In Carter County, manufacturing jobs pay $1,474 every week, on average. The county norm is $951. Jobs in the warehousing and transportation industry — a sector of the economy that is growing — pay only slightly more than the county average, at $998.

The news landed as Ardmore undergoes a retail renaissance. A string of big box stores and chain hotels have opened over the past decade, attracting interstate traffic and families from neighboring counties. Construction just started on a new Albertson’s grocery store. A golden shovel from the groundbreaking ceremony was propped next to Boatwright’s office in City Hall.

He said he believed Ardmore’s proximity to major highways and larger cities has fueled the renewed interest from retailers and others moving into town. The city also has rehabbed its historic downtown, filling up Main Street storefronts with boutiques, lawyer’s offices, a coffee shop and a few restaurants.

Todd Yeager, who owns Marvin’s Place Art Gallery on Main Street, said he hopes the recent revitalization can help Ardmore withstand some of the economic shocks that may be coming from the plant’s shutdown. He said he believes the region is better equipped to help laid-off workers find new jobs.

“Twenty-five years ago, it would have really knocked Ardmore for a loop,” Yeager said.

Boatwright and other city officials are still trying to measure all of the closure’s potential ripple effects. Boatwright pointed to the city’s annual budget. The city will either need to cut spending or find new funding sources to fill the holes that Michelin will leave, he said.

“They purchase over 100 million gallons of water from the city every year, which is a lot of revenue for our community,” Boatwright said. “And we’re going to lose that.”

Soon after the closure was announced, he and other community leaders formed a Michelin task force. The group is looking at how to bring in new businesses. Members also are compiling ways to help people who are losing their jobs, from new career training to help starting a small business.

“We all understand we’re not going to move ahead unless we’re all working together,” said Andrea Anderson, vice president of economic development for the Ardmore Development Authority.

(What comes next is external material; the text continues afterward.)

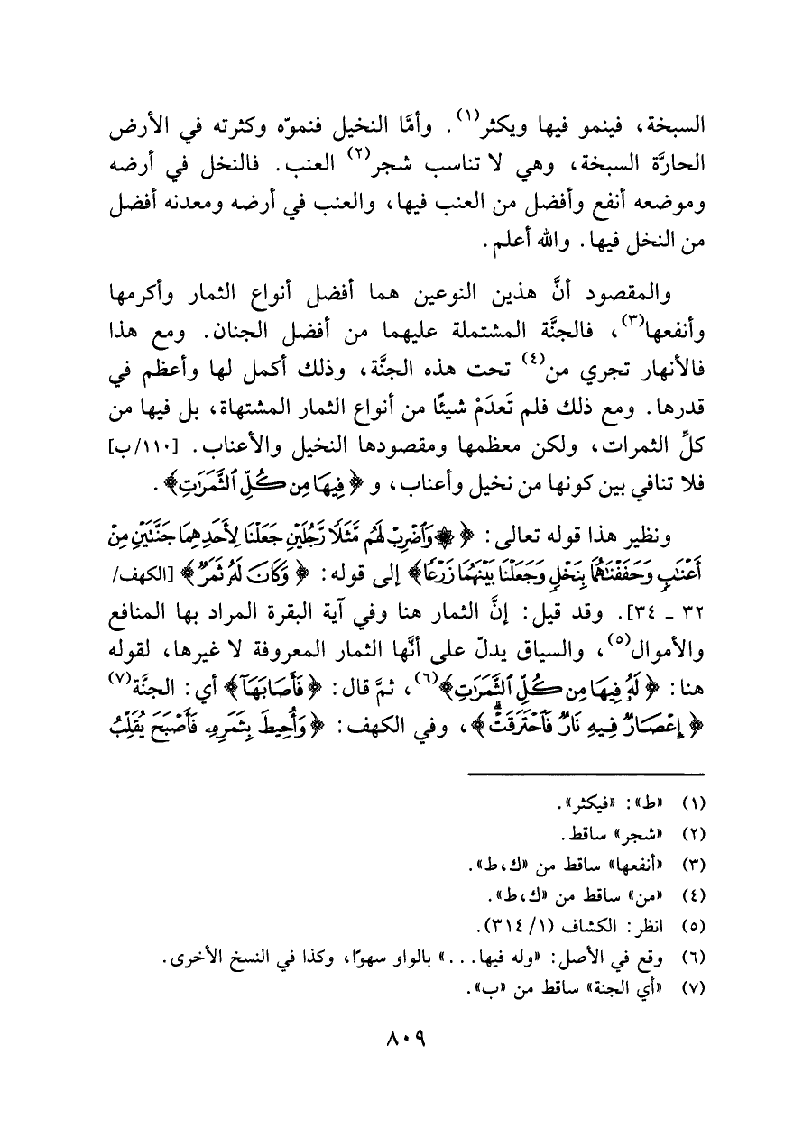 السبخة، فينمو فيها ويكثر (¬١). وأمَّا النخيل فنموّه وكثرته في الأرض الحارَّة السبخة، وهي لا تناسب شجر (¬٢) العنب. فالنخل في أرضه وموضعه أنفع وأفضل من العنب فيها، والعنب في أرضه ومعدنه أفضل من النخل فيها. واللَّه أعلم.

One of the region’s biggest hopes for development is the Ardmore Industrial Airpark north of town, which public leaders and private partners have been working for years to transform into a giant distribution hub, where goods can be shipped in by plane or rail and then trucked out. The project needs more funding to make all of the plans a reality.

Anderson said the air park and other industrial projects make her hopeful about Ardmore’s future and ability to recover from the Michelin plant’s closure.

“The sky is not falling,” she said. “There are cracks in the ceiling, but the sky is not falling.”

She and Boatwright believe the Michelin plant site could someday be home to another company, or two or three, since it stretches across more than 100 acres.

Short of an employer dropping out of the sky to claim all of that land, the region will have to gain back the jobs bit by bit, said Proctor, the book store manager.

“We’ve all got our hopes and fingers crossed,” she said. “It’s going to be 30 jobs here, 10 jobs there.”